O que a depressão faz com uma pessoa?

By | Setembro 23, 2019

Depressão é um dos problemas psicológicos mais comuns hoje. Todos os anos, milhões de adultos passam por um período de depressão clínica.

O que a depressão faz com uma pessoa?

O que a depressão faz com uma pessoa?

A depressão é um distúrbio psiquiátrico muito específico e difícil, pois pode interferir no funcionamento normal e muitas vezes causa problemas no trabalho, no ajuste social e familiar. Não só isso, também causa dor e sofrimento não apenas à pessoa com o distúrbio, mas também àqueles que se preocupam com eles.

Sinais e sintomas de depressão

Existem duas características da depressão:

  • Perda de interesse em atividades diárias normais
  • Humor depressivo

Nem todo mundo que exibe esses sinais sofre de depressão; Em geral, os sinais devem estar presentes por pelo menos duas semanas.

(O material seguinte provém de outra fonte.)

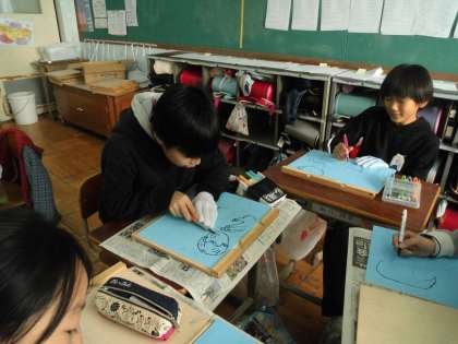 彫ってます。彫りすすめています。難しさもありますが,意外と子どもたちは楽しいようです。「もっとやりたい!」「もっといろんな彫刻刀使いたい!」という思いが伝わってきます。
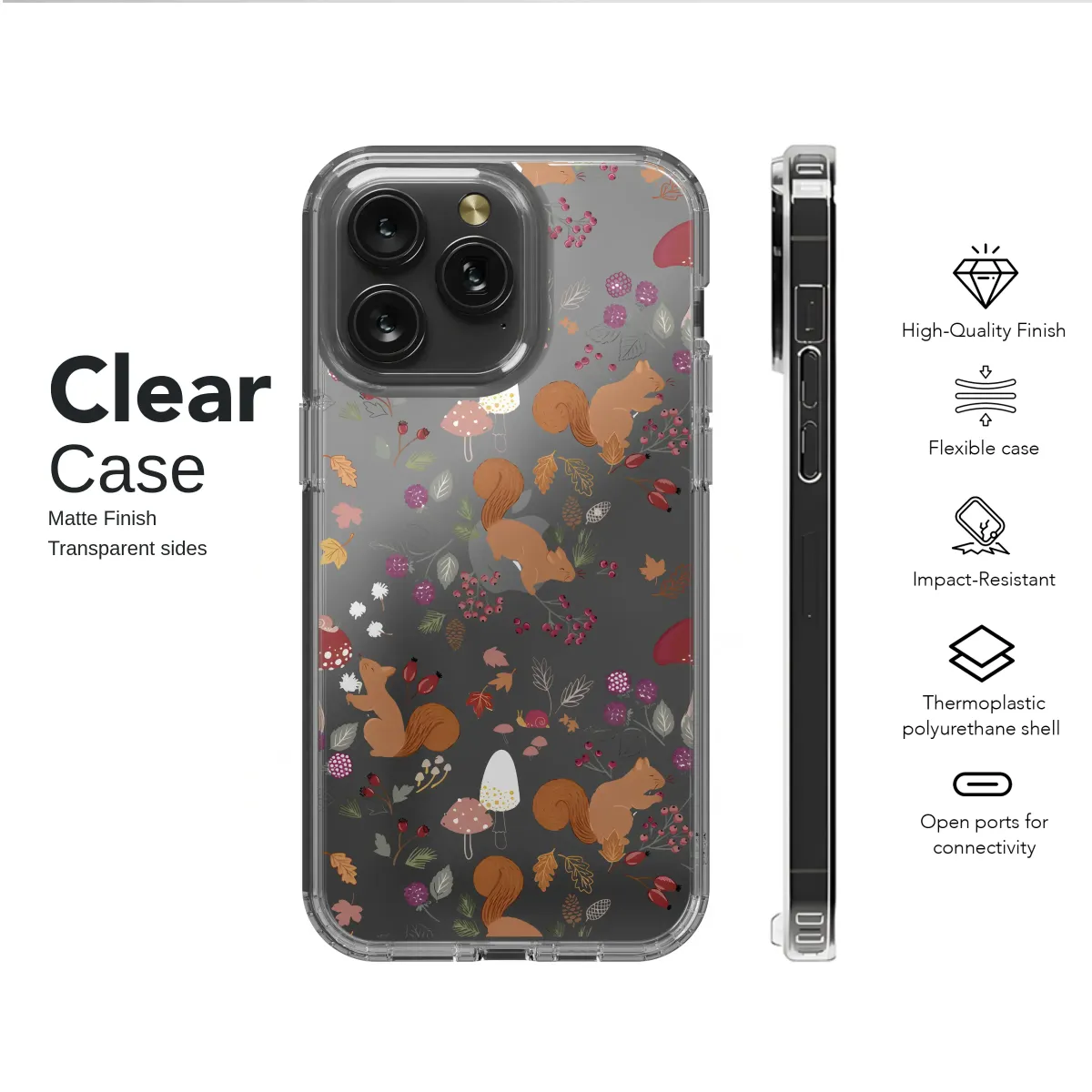Clear Clear Glitch Art Woodland Squirrel Mushroom Pattern Phone Case Cover for iPhone 17 Pro Max 16 15 13 Samsung S25 S24 Pixel 9069

Outros sintomas característicos da depressão são:

  • Os distúrbios do sono
  • Pensamento ou concentração danificada
  • Mudanças no peso
  • Agitação
  • Fadiga ou desaceleração dos movimentos do corpo
  • Baixa auto-estima
  • Menos interesse em sexo
  • Apetite e perda de peso ou excessos e ganho de peso
  • Pensamentos de morte ou suicídio; Tentativas de suicídio
  • Inquietação, irritabilidade
  • Sintomas físicos persistentes que não respondem ao tratamento, como dores de cabeça, distúrbios digestivos e dor crónica

"Sintomas físicos" da depressão

A maioria dos pacientes também se queixa de alguns sintomas físicos, como:

Possíveis causas de depressão

Não há causa conhecida para depressão. Como a doença geralmente ocorre em famílias, os psiquiatras acreditam que uma vulnerabilidade genética combinada a fatores ambientais, como estresse ou doenças físicas, pode desencadear um desequilíbrio nos produtos químicos do cérebro chamados neurotransmissores, resultando em depressão É por isso que não podemos falar sobre a possível causa da depressão, mas sobre os fatores que contribuem para a depressão. Alguns dos mais comuns são:

  • Herança: Os pesquisadores identificaram genes que podem estar envolvidos no humor da depressão.
  • Estresse: Eventos estressantes da vida às vezes podem causar depressão, embora não haja regras.
  • Medicamentos: O uso prolongado de certos medicamentos, como medicamentos usados ​​para controlar a pressão alta ou pílulas para dormir, pode causar sintomas de depressão.
  • Doenças crônicas: Se uma pessoa tem uma doença crônica, como doença cardíaca, derrame, diabetes, câncer ou doença de Alzheimer, ela corre um risco maior de desenvolver depressão.
  • Tipos de personalidade: Certos tipos de personalidade, como aqueles com baixa auto-estima, autocrítica ou pessimismo, têm um alto risco de desenvolver depressão.
  • Depressão após o parto: É comum as mães sentirem uma forma leve de angústia que geralmente ocorre alguns dias ou semanas após o parto. Isso pode eventualmente se tornar um distúrbio de depressão.
  • Abuso de álcool, nicotina e drogas: Pessoas com depressão usam álcool, nicotina e drogas que alteram o humor para aliviar os sintomas, sem saber que essas substâncias só podem contribuir para o distúrbio primário: a depressão.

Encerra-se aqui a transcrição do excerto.